From the document they sent:
" Beyond the questions of support and dissemination, digitalization opens up new ways of writing. Will the architecture of the story free itself from linearity? Will the stories write themselves? Will the spectator be able to intervene in the course of the story? "
Ideas for Maison du Livre:
- growing a tree with object recognition and google image search.
- help GPT2 write their political manifesto (possibility to vote for the next generated sentence)/ possiblity to add prompts?

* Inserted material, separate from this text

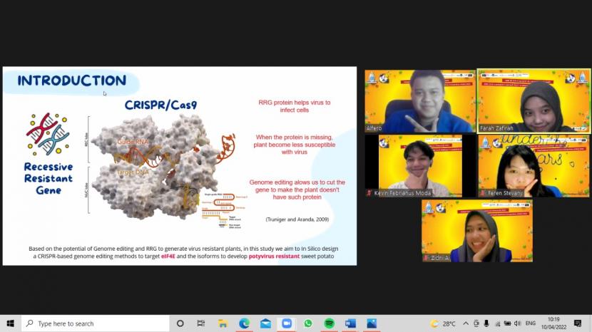 Karena itu perlu dilakukan penelitian terkait pengembangan ubi jalar tahan virus berbasis genome editing menggunakan pendekatan bioinformatika. Kevin pun menerangkan keunggulan dari proyek riset tim Biotek Universitas Esa Unggul (UEU) ialah tiga bidang biologi molekuler sekaligus.

- How to convince an algorithm: two computer with GPT2 text generation, the audience tries to nudge them into a right-leaning or left-leaning manifesto by writing prompts.
- A classifier for left or right leaning text? liberal or conservative? (I suggest taking other categories than left/right or liberal/conservative but rather use current concrete and conflicting political issues.)
To do next steps:
- Figuring out who is interested and making sure it is diverse ( how can we include more women, Would elodie be interested in participating?, are Christina and An in?)
- Ask maison du livre how they curated artists (did they talk with Constant)
- Can a work be a workshop by constant ?
- Set up another meeting for participants (can be a shorter one as well)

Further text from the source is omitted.